The measure was designed to be temporary with contributions to the second pillar scheduled to rise to four percent in 2011 and to six percent in 2012. But Prime Minister Valdis Dombrovskis said that contributions to the second tier will stay at two percent for another two years (in 2011 and 2012).
LITHUANIA
* Under a three-pillar system launched in 2004, 2.5 percentage points from 26.3 percent social security payments were directed to private pensions, rising to 5.5 percent by 2008.
* Second-pillar payments were cut in two steps to 2 percent in 2009 to reduce the social security fund's deficit, a source of half of the public sector's total deficit.
* The initial plan was to return to 5.5 percent in 2011, and raise contributions further to 6 percent for 2012-2014 to compensate for the losses. The plan was abandoned earlier this year with the parliament freezing 2 percent contributions until after the crisis, without a specific timeframe.
* The net assets of 29 pension funds totalled 3.7 billion lithuanian litas ($1.49 billion) at the end of September.
POLAND
* according to Polish law, passed in 1999, 7.3 percent of workers' salaries go to private pension funds, which now manage nearly 210 billion zlotys ($73.63 billion).
* Labour Minister Jolanta Fedak earlier this year proposed to lower the contributions to private pension funds to 3 percent to help finance the state-run pay-as-you-go system.
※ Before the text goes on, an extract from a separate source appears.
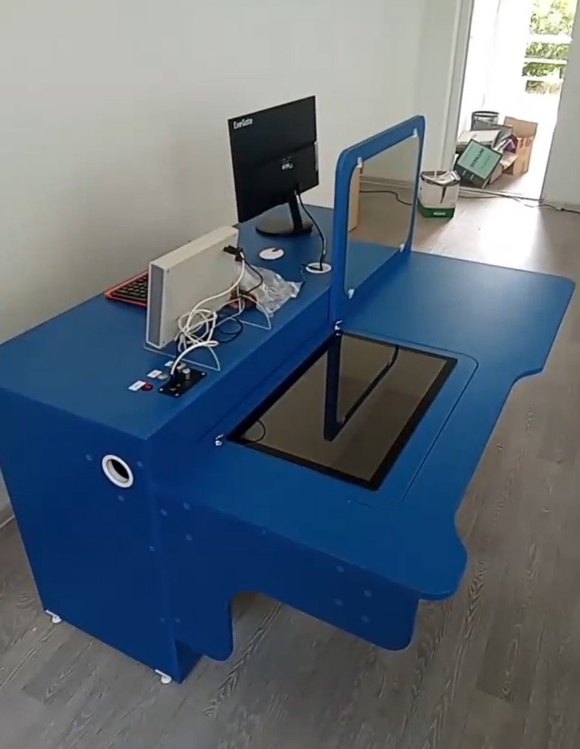 - Стол ученика — оборудован сенсорным экраном 25 дюймов с технологией Multi Touch System, обеспечивающей чувствительность к множественным касаниям.

Analysts criticised the idea, saying it amounted to reversing the 1999 pension reform, and the government backed away from changes.
ROMANIA
* overhauled its pay-as-you-go pension sector in 2008 when it set up a three-pillar system.
* Under the system, 2 percentage points from 10.5 percent in social security payments were transferred to private funds. The contribution was supposed to rise by 0.5 percent annually until reaching 6 percent. However, the government froze contributions at 2 percent in 2009. They rose this year, but only to 2.5 percent, prompting criticism from some pension fund managers.
* At the end of September, there were 5.1 million second-tier contributors to the nine private pension funds whose total assets stood at 3.9 billion lei ($1.26 billion).
SLOVAKIA
* aside from the pay-as-you-go state scheme, there is a private second pillar and a voluntary private third pillar.
* 18 percent mandatory pension contributions are divided equally between the state system and the private second pillar.
* previous leftist government said the funds had put clients' money at risk and imposed rules on how funds can invest contributions. The European Commission in January asked Slovakia to remove certain investment restrictions.
* the new cabinet of Prime Minister Iveta Radicova wants to scrap these restrictions.
* as of Oct. 15, Slovak pension fund portfolios totalled 3.55 billion euros ($4.94 billion).
SLOVENIA
* Slovenia's pension reform dates back to 2000. Placing money into private funds is not obligatory, and only about 55 percent of employees have private pension insurance.